Exilio (En proceso)

Felicio Flores


AVISO DE AUSENCIA DE Felicio Flores
Estoy escribiendo una novela.
Gracias por leer.
Saludos.

Soy un hombre exiliado. A decir verdad, me exilié dentro de mi propia cabeza para convivir en paz con el resto de los hombres. Cuando salgo a la calle y observo sus rostros abatidos por las injurias, recuerdo que no soy el único desdichado, y eso me pone de buen humor, porque una desgracia compartida genera cierta confraternidad. Es bien sabido que, por ejemplo, perder el transporte público estando en compañía de extraños nos regocija más que perderlo estando solo. Y mejor aún si esos extraños se dirigían hacia el mismo destino que uno. ¿Qué no? ¡Claro que sí! ¿Masoquismo? Yo diría que es tan solo el sentido de pertenencia al que estamos tan arraigados. Formar parte —aunque esa parte sea negativa— nos produce una plena satisfacción. Les daré un ejemplo sencillo, señoras y señores: la muerte. Si supieran que solamente ustedes morirán y que el resto permanecerá inmortal, ¿no los invadiría una rabia capaz de hacerles dejar marcadas sus uñas en las paredes? ¡Por supuesto! ¿Lo pueden comprobar? El simple hecho de que todos hemos de caer en un pozo del cual no saldremos jamás es, hasta cierto punto, reconfortante. 
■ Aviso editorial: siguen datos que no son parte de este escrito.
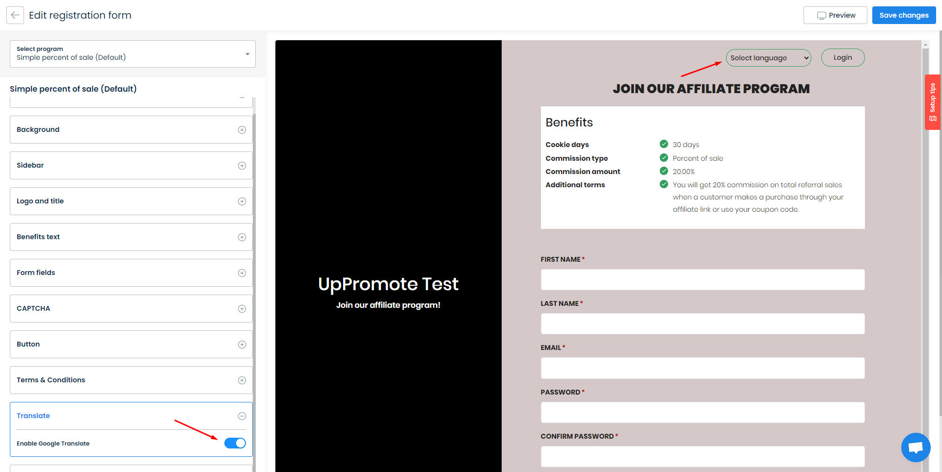 <mark style="color:red;">**UpPromote**</mark> has been getting more and more users from all over the world. Therefore, we have acknowledged the demand of having more languages available in the app. We use <mark style="color:blue;">**Google Translate**</mark> to add the option of translating the whole interface of the app and the registration form.
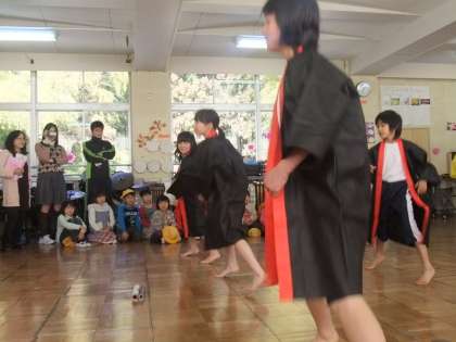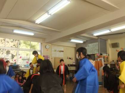 先日、6年生を送る会が音楽室でありました。みんなで「ひまわり」を歌ったり、各学年出し物があり、すごくどの学年も工夫していて立派でした。、6年生の出し物もさすが6年生でした。また、最後に久寿玉もあり素晴らしい6年生を送る会でした。
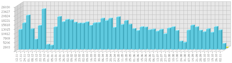 სტატისტიკა დღეების მიხედვით:     ან ბოლო დღის სტატისტიკა
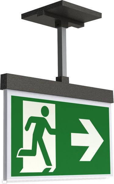 Moderne Zink-Druckguss Rettungszeichenleuchte mit Pendel zur Deckeneinbaumontage. Mit einem Einbaudurchmesser von 68 mm lässt sich diese Leuchte leicht in viele Umgebungen integrieren. Die Kennzeichnung der Rettungs- und Fluchtwege kann wahlweise ein- oder beidseitig erfolgen. Sie gehört zur Leuchtenfamile der A-Serie, die Lösungen für jede Montageart bereithält und für ihr einheitliches, geradliniges Design mit dem German Design Award ausgezeichnet wurde.Steuerung und Überwachung über zentrales Stromversorgungssystem. Planungssicherheit wird durch logisch vorgegebene aufgedruckte Piktogramme geboten. Die Piktogramme entsprechend DIN ISO 7010 (Pfeil rechts, links und unten) sind standardmäßig im Lieferumfang enthalten. Auf Anfrage kann die Beschriftung auch nach Kundenvorgabe erfolgen.
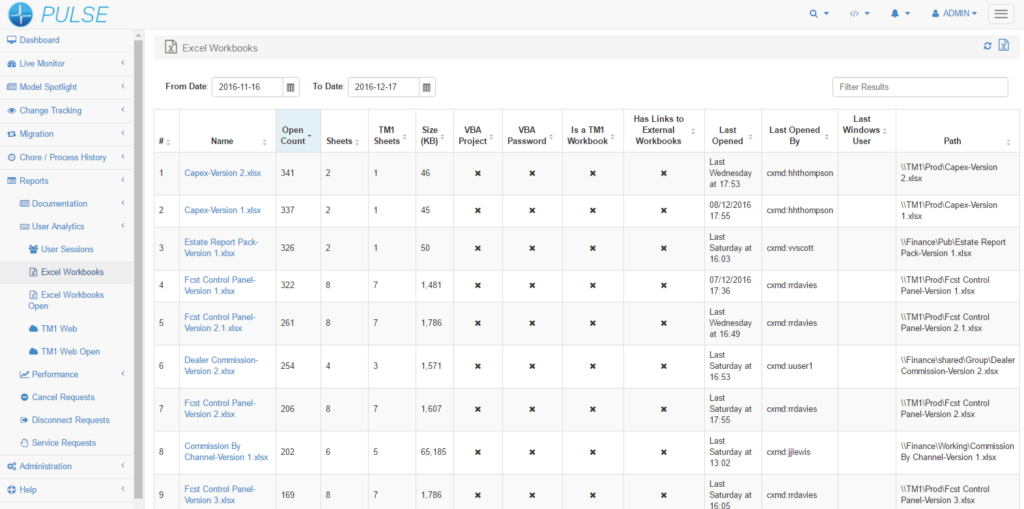Pulse keeps track of TM1 spreadsheets in both Excel and TM1 Web. If you want to know more about User Analytics or Excel Analytics with Pulse just click on the links.
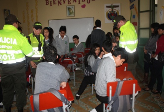 Policías expertos en el tema de infancia y adolescencia, con el apoyo del ICBF,Comisaria de familia, personería municipal y rectores de los centros educativos, realizaron la intervención delas instituciones educativas, Normal Superior, Champagnat, Seminario Misional, Fray Bartolomé de Igualada en el municipio de Sibundoy.
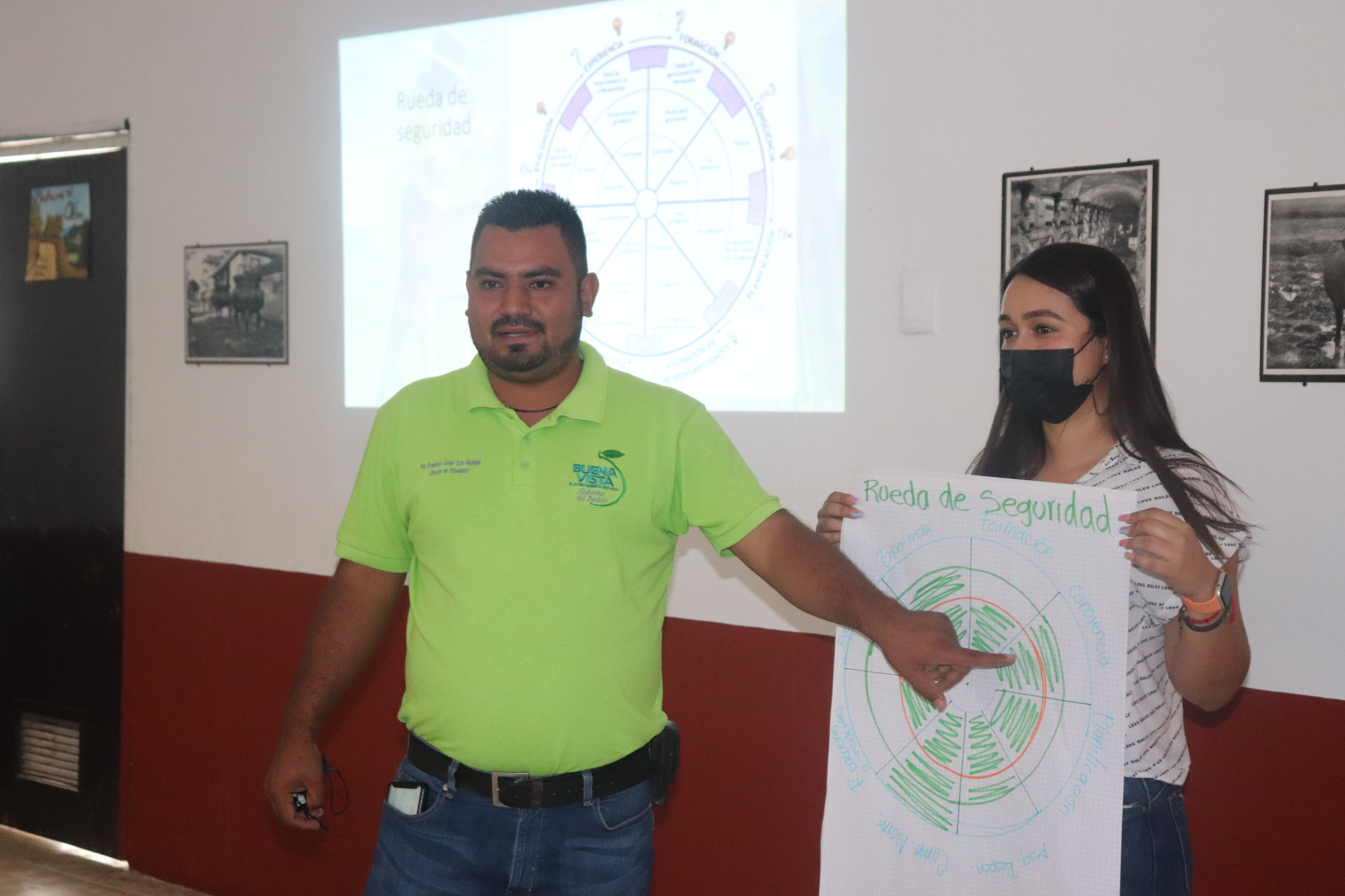 Los participantes del taller educativo conformaron varios equipos de trabajo que dibujaron una rueda de seguridad compuesta por ocho elementos: La formación, la conciencia, la planeación con perspectiva, la asignación de responsabilidades, el cumplimiento de normas, la reacción ante posibles incidentes, la evaluación y la experiencia.
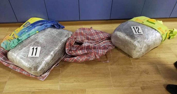 Policija je marihuanu ukupne težine 14,82 kilograma pronašla u dve najlon kese, sa navučenim jastučnicama, u torbama koje su osumnjičeni nosili, navodi se u saopštenju MUP.
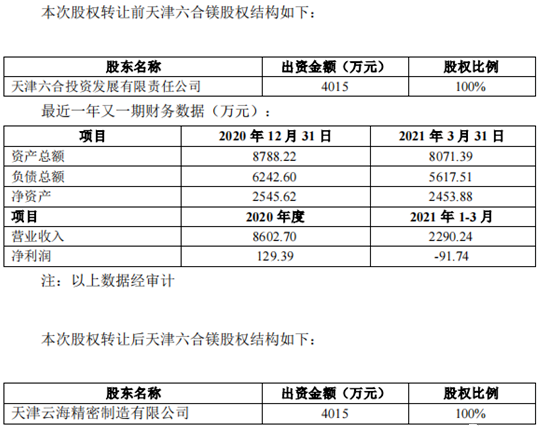 云海金属全资收购天津六合镁制品有限公司,布局天津服务北方汽车用户!
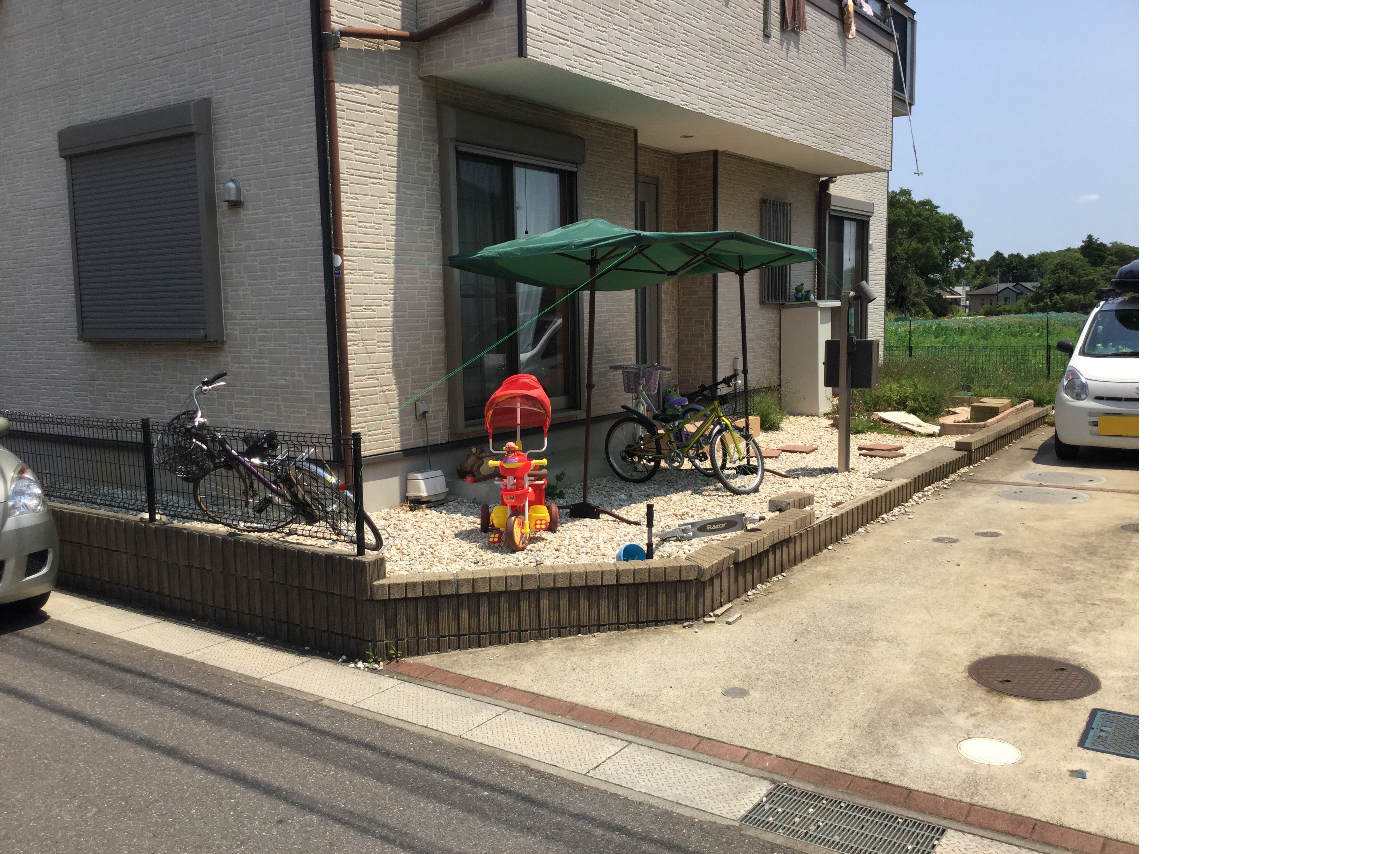 自転車の雨よけにご自身でテントをつけられていましたが、今回サイクルポート設置希望されました。外構を一部削り設置させて頂きました。
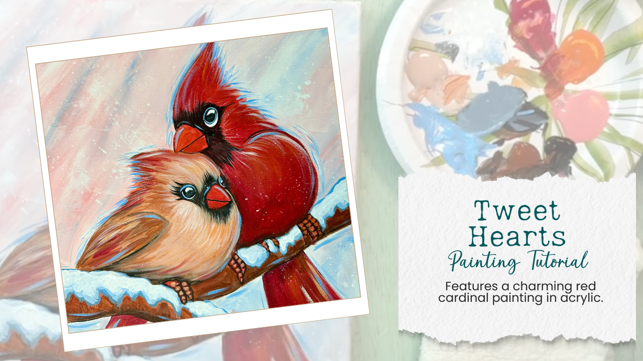 Celebrate love and cozy winter moments with the Tweet Hearts painting tutorial! This heartwarming project guides you step by step through painting two sweet cardinals cuddled together on a snowy branch, creating a scene that feels peaceful, romantic, and full of charm. With Karen’s easy, encouraging instruction, you’ll learn how to paint expressive birds, soft winter textures, and rich pops of color that bring the piece to life. Perfect for painters of all skill levels, this design is a relaxing way to enjoy the painting process and create a treasured winter artpiece.
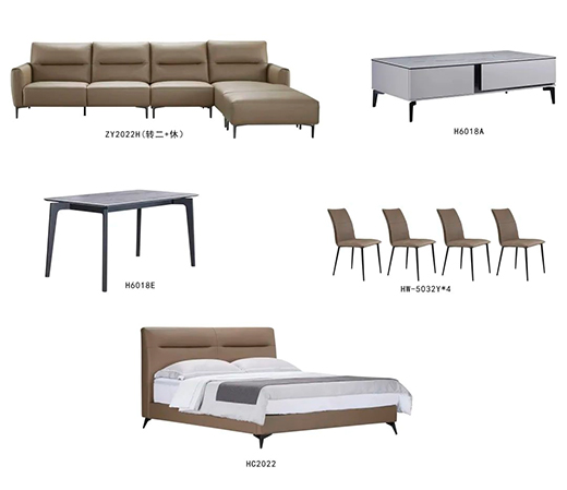 現代系列《幸福里》全屋家具套餐,包含:真皮沙發(轉二件+休位)、茶幾、餐桌、餐椅(4把)、床架、床墊,一共11大件。
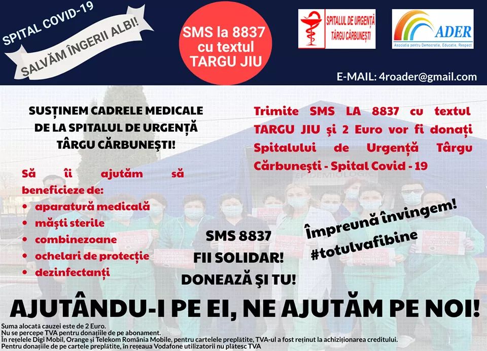 Daca vrei sa fii alaturi de personalul medical din Gorj, trimite un SMS la numarul 8837 cu textul TARGU Jiu!
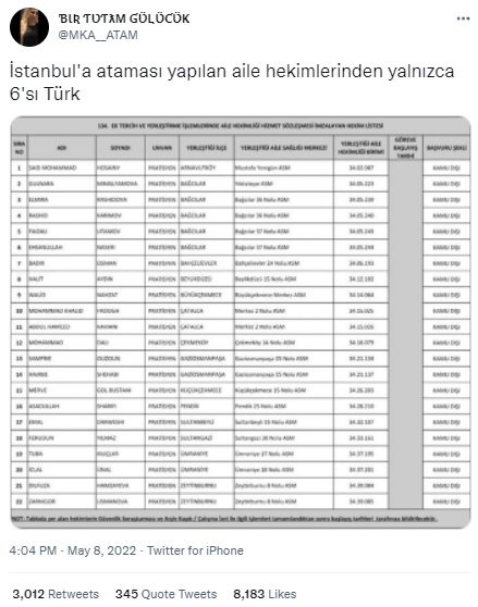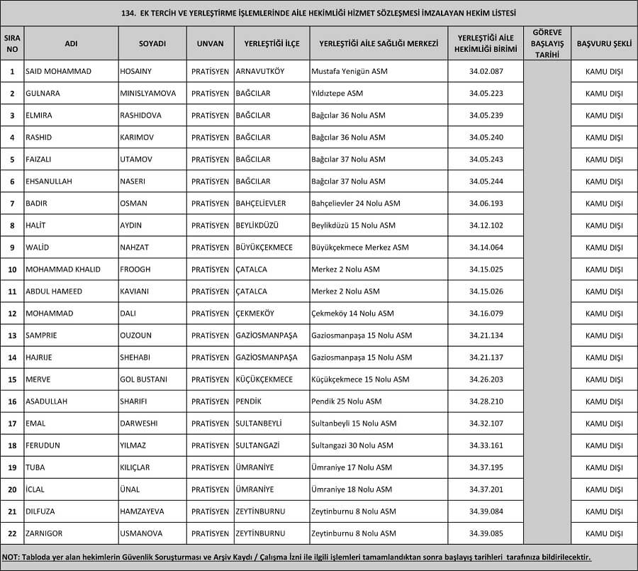 Sağlık Bakanlığı İstanbul Sağlık Müdürlüğü tarafından açıklanan 134. ek tercih ve yerleştirme işlemlerine ait Aile Hekimliği Hizmet sözleşmesi imzalanan 22 doktorun sadece 6’sının Türk olduğu iddiasıyla sunulan ve tepki çeken liste şu şekilde (Ataması yapılan doktorların hangi milletten olduğu yönündeki değerlendirmelerin sadece ad ve soyad üzerinden yapıldığı, işbu yazıdaki atıfların ülkemizde yaygın şekilde kullanılan isim ve soy isimler üzerinden benzer bir yöntem izlendiğini aktarmakta fayda var.):
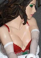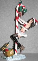 So far as quality of design and sculpt goes, this is a McFarlane figure, which is to say she is excellent - they may not know what a balljoint is, but McToys knows how to make a plastic statue Mrs. Claus is flawless from head to toe, with every detail lovingly sculpted from the indentation in her lower lip, through the lacy trim and tiny crinkles in the fabric of her lingerie, down to the sleigh bells stitched to her boots. Her figure is slim but grown up, without defined muscles but with enough of the shape of them to justify her being able to do her moves on the pole - it is a physically demanding discipline - and enough sexy curves in front and behind to have something to show off while she is doing it. Her body sculpt shows a good command of the intricacies of anatomy, how a body moves and responds to motion, especially (compared to the liberties often taken in action figures) in the area of her chest: she is leaning slightly to her left, and her right breast is appropriately swelling out of her bra cup compared to the left. It is attention to detail like that, breast-related or otherwise, that separates a good sculpt from a great one.
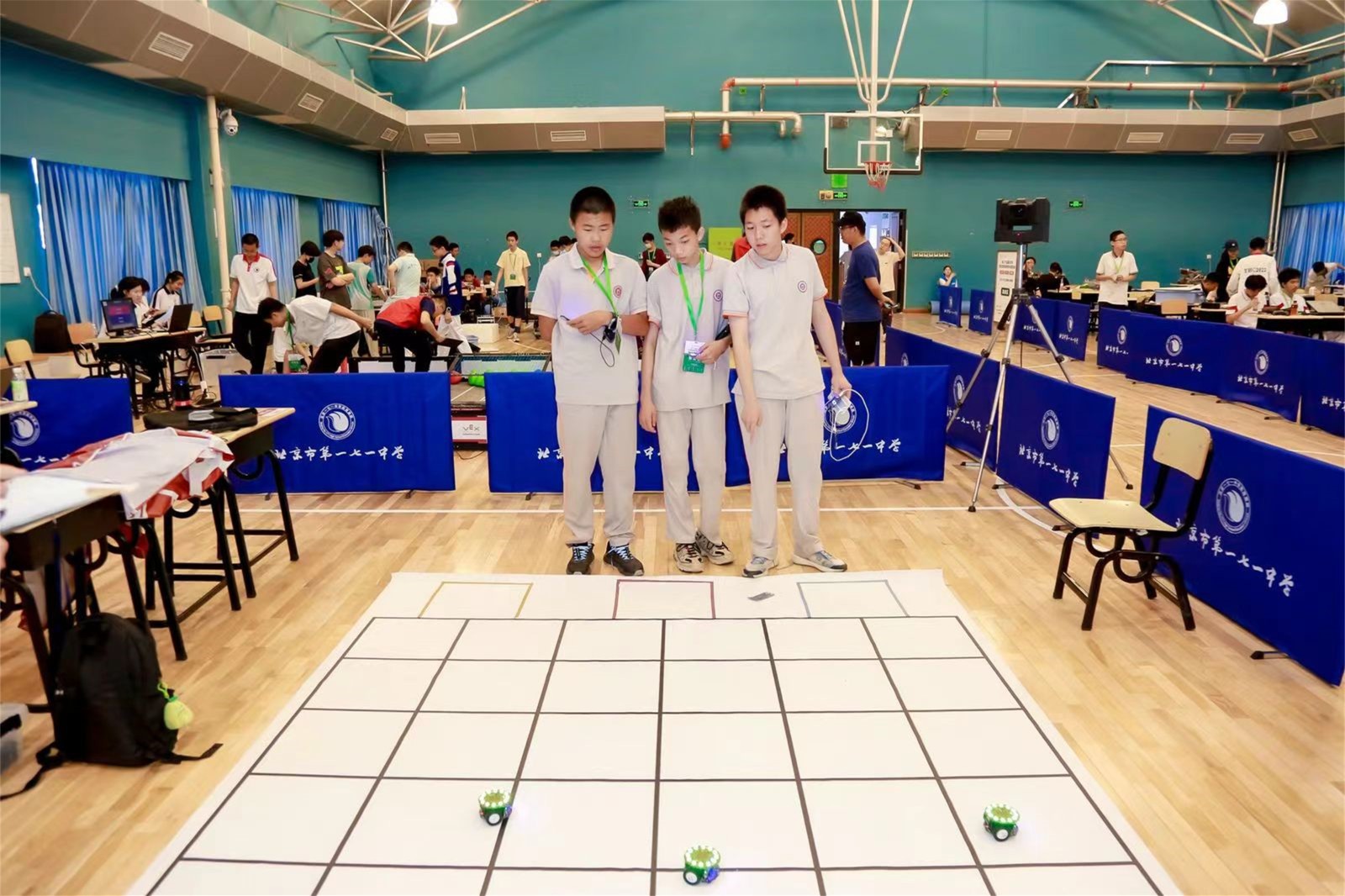 初二年级孙博航、黄文韬、赵泊岩三位同学比赛现场调试创意机器人

Por debajo de la máscara de piel que visten los hombres (cuando digo hombres también me refiero a las mujeres), late una penosa perversión. Debo confesar que no todos los hombres me apenan. Algunos de ellos me exasperan, paseándose por las aceras como espejos escapados de una boutique, luciendo sus mejores prendas —todos sabemos que una buena prenda mejora, incluso, el carácter— y, con la mirada en alto, encandilados por el sol de su propio ego, evitan al resto de los hombres (nosotros) como si fuéramos cucarachas que se arrastran bajo sus pies. Precisamente por esto me dedico a estudiarlos, de modo que ustedes no deban padecer lo que yo.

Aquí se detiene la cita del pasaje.